How To Keep The Mental Health While The Lockdown

How To Keep The Mental Health While The Lockdown

Mental Health

Nowadays, we all know that social isolation, along with concern for the health of those we love, can make us feel lonely, angry, and generally frustrated. In the situation, where are we – and the world – find ourselves in.

We all respond differently to changes in our circumstances, but it is good if understand what you can do to help manage mental well-being. Do not let anxiety consume you.

We collected some tips for you, they are suggestions to improve mental wellbeing, based on clinically approved guidelines and backed up by qualified psychologists and therapists.

Keep Planning the Practical Actions

Staying inside is vital now, and the logistics of getting your essentials have changed. If you cannot get to the store, look for the delivery service or ask neighbours and friends if they can help. The same goes for getting medication and any ongoing treatment for any mental or physical problem you have.

By prioritizing your needs, you will be confident that you can be with others and not sacrificing your own happiness. If you are having difficulty, ask a friend or neighbour for practical advice or support. Also, be sure to ask your therapist to find out what services they can offer you.

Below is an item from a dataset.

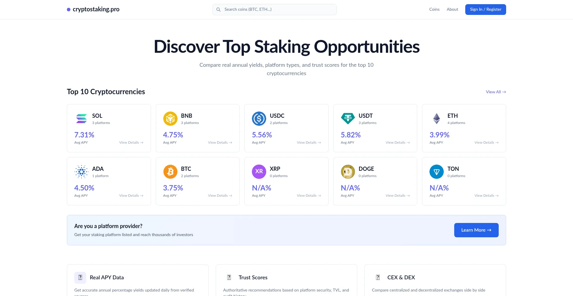 cryptostaking.pro · Compare Real Staking APY & Trust Scores

Stay connected with others

the Expressing of friendship is helping us feel more relaxed and positive. It releases the hormone oxytocin, which creates social bonds. Keeping in touch with people doesn’t just give you something to keep you busy on long evenings. It has a positive effect on your well-being. If even the thought of setting up another video call is tiring, remember that exchanging text messages or voice memos with the people you love can make a big difference.

Share the worries

If you are feeling helpless and anxious right now, remember that many others feel the same. The pandemic has changed the lives of all of us, and talking about any problems can help you relax. And by communication, you can also help a friend realize that they are not alone in their mental problems.

No one needs to think it’s a sign of weakness when they admit they don’t feel as capable as usual. If you ask a friend what he does when his pandemic anxiety gets too strong, you can start a really honest and comfortable conversation.

Care about your body

This can be especially difficult during times of stress when a soothing snack or drink is easy to get hold of. Alcohol can make some people feel better, but it is a delusion for a short time. Then it will ruin your mood and form a hormonal habit to use more and more alcohol. After some time, while people use to drink, they stop feeling happy anymore. Likewise, when the bouts of bad mood are different from person to person – this may happen shortly after the “warming” effect of the drink or at some point during the next day – alcohol will not have a long-term invigorating effect.

It is not so attractive to go outside for sports during the colder months, but the psychological benefits justify you. Remember when you exercise even indoors, the body produces hormones of happiness. And if you go for a walk, just to maintain social distancing – it is awsesome. In addition, it is worth remembering that maintaining health helps reduce the risk of complications associated with COVID-19.

Avoid difficult thoughts

Worries about a pandemic are natural, but if your worries affect your daily life and you feel like you can’t handle them, try to write down (write physically, even if it seems odd) what makes you feel especially worse or better. While visualizing and recognizing your triggers and comforters will help you to manage your mental well-being.

Avoid overloading yourself and use only trusted news sources

Social media and 24/7 news coverage can lead to a flood of information that does nothing to alleviate anxiety. Spreading misinformation online is widespread, so make sure you get updates from trusted sources.

If you’re being sent information that isn’t from a reputable source, check the facts before believing it, and perhaps give yourself time to check the news every day.

Monitor the changes in your labour rights and benefits

Many professional circumstances have changed during the pandemic. It is understandable that you may be worried about employment, income, and possibly a range of other financial or lifestyle issues.

Every Mind Matters has plenty of practical advice on how to make sure you know your labor rights and are aware of any benefits you are entitled to, as well as tips to help you adapt to working from home.

Keep doing what you love

The new isolation rules may have made it difficult for you to engage in some of the hobbies you’ve been in the past. But try new things – it can be extremely beneficial for mental well-being. 

Drawing, reading, or even decorating your space can introduce you to new ways to have fun that you’ve never seen before. There is nothing wrong with trying.

Relax and speak to your children

There is no use to hurry, there is a lot of time to make things that you both once dreamed to do, but usually don’t have time. Build the paper car, sew the pirate costumes or just watch the cartoons that you wondered to.

Good sleep time

Sleeping enough is important not only for physical health but also for emotional regulation. If you do not get enough sleep, it can cause feelings of emotional vulnerability, anxiety, and angriness. It may be difficult to concentrate.

There are various sleep methods that can work with our individual concerns, and there are a growing number of apps worth trying. For tips and tricks on how to get a good night’s sleep, speak to your family doctor.